* **Work task**
Set down exact lines only, from the line with "InfoQ 会员周即将开始!" through the last line of the material below, with every picture left out.

-- Data provided follows --

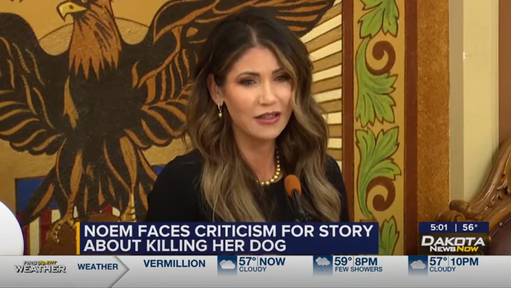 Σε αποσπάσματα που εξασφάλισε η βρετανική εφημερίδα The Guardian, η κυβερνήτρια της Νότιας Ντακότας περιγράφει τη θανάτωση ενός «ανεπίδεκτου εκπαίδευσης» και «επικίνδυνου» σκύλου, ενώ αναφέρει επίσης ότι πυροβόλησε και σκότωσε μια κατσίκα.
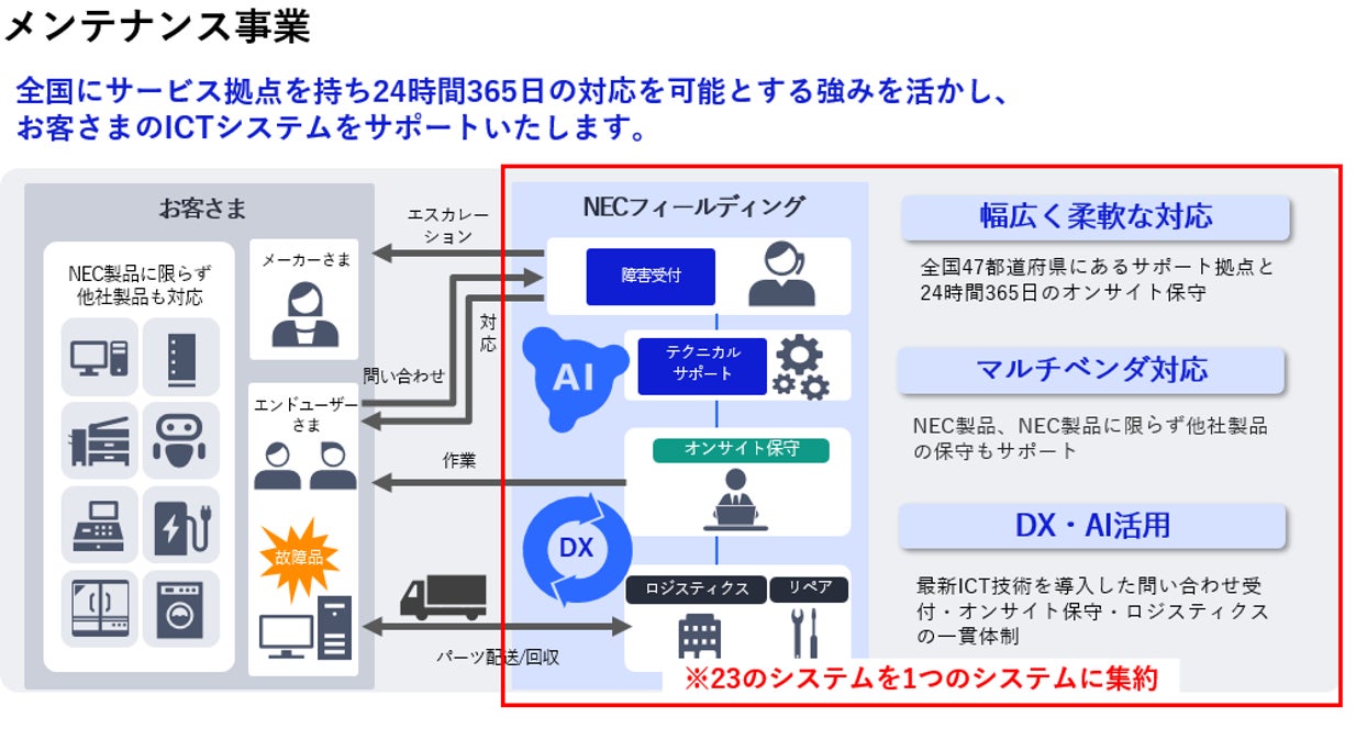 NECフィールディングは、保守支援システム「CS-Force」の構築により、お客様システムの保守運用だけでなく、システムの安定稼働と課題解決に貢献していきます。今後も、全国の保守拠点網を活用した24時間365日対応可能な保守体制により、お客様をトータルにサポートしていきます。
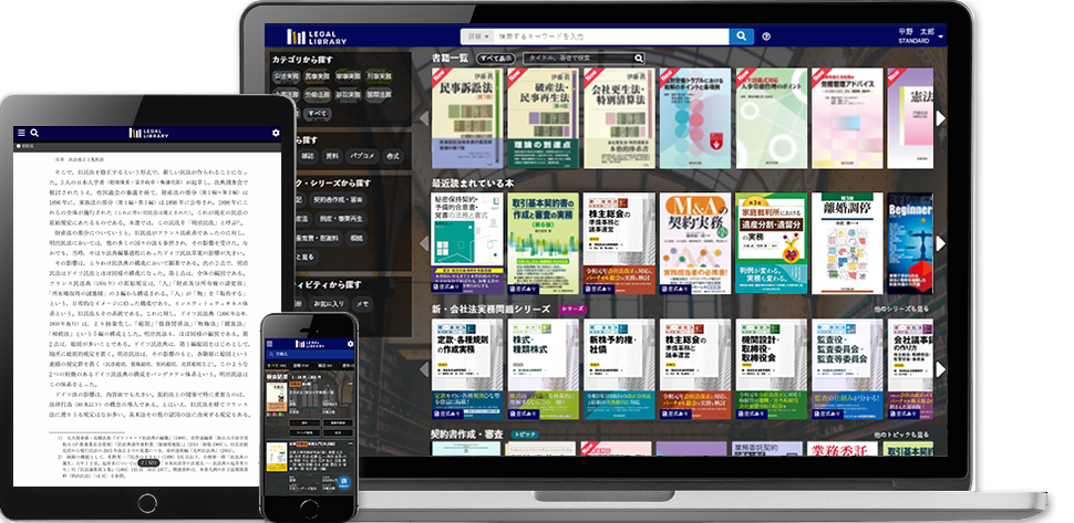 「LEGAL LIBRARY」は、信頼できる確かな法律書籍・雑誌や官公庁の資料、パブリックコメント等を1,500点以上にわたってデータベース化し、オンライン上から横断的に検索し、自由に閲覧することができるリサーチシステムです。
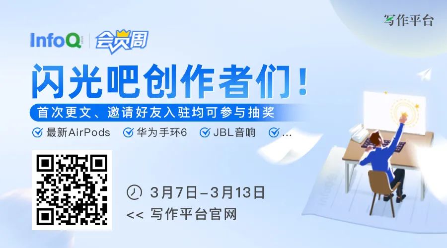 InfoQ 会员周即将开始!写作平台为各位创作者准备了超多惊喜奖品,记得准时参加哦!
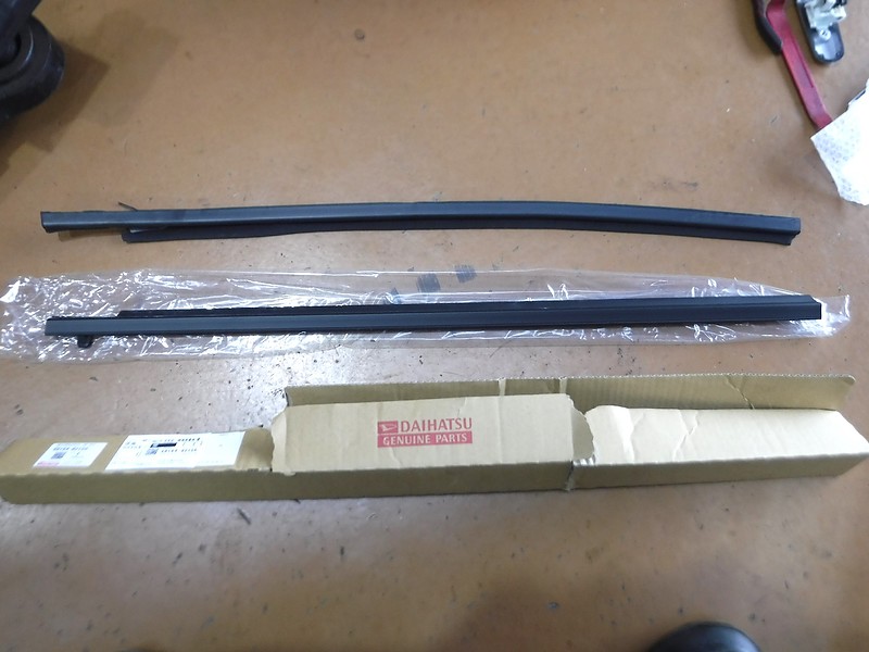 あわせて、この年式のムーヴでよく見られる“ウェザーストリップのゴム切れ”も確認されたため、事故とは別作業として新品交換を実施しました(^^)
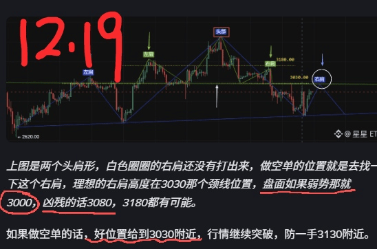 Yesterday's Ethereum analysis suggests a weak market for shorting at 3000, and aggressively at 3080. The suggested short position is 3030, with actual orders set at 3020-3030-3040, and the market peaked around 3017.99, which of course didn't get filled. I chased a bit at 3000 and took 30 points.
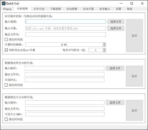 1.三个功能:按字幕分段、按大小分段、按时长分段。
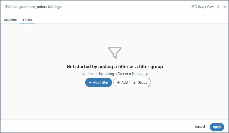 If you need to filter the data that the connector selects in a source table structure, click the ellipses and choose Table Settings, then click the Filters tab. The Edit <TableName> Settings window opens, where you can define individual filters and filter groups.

-- Data provided concluded --

* **Answer**
 InfoQ 会员周即将开始!写作平台为各位创作者准备了超多惊喜奖品,记得准时参加哦!
 あわせて、この年式のムーヴでよく見られる“ウェザーストリップのゴム切れ”も確認されたため、事故とは別作業として新品交換を実施しました(^^)
 Yesterday's Ethereum analysis suggests a weak market for shorting at 3000, and aggressively at 3080. The suggested short position is 3030, with actual orders set at 3020-3030-3040, and the market peaked around 3017.99, which of course didn't get filled. I chased a bit at 3000 and took 30 points.
 1.三个功能:按字幕分段、按大小分段、按时长分段。
 If you need to filter the data that the connector selects in a source table structure, click the ellipses and choose Table Settings, then click the Filters tab. The Edit <TableName> Settings window opens, where you can define individual filters and filter groups.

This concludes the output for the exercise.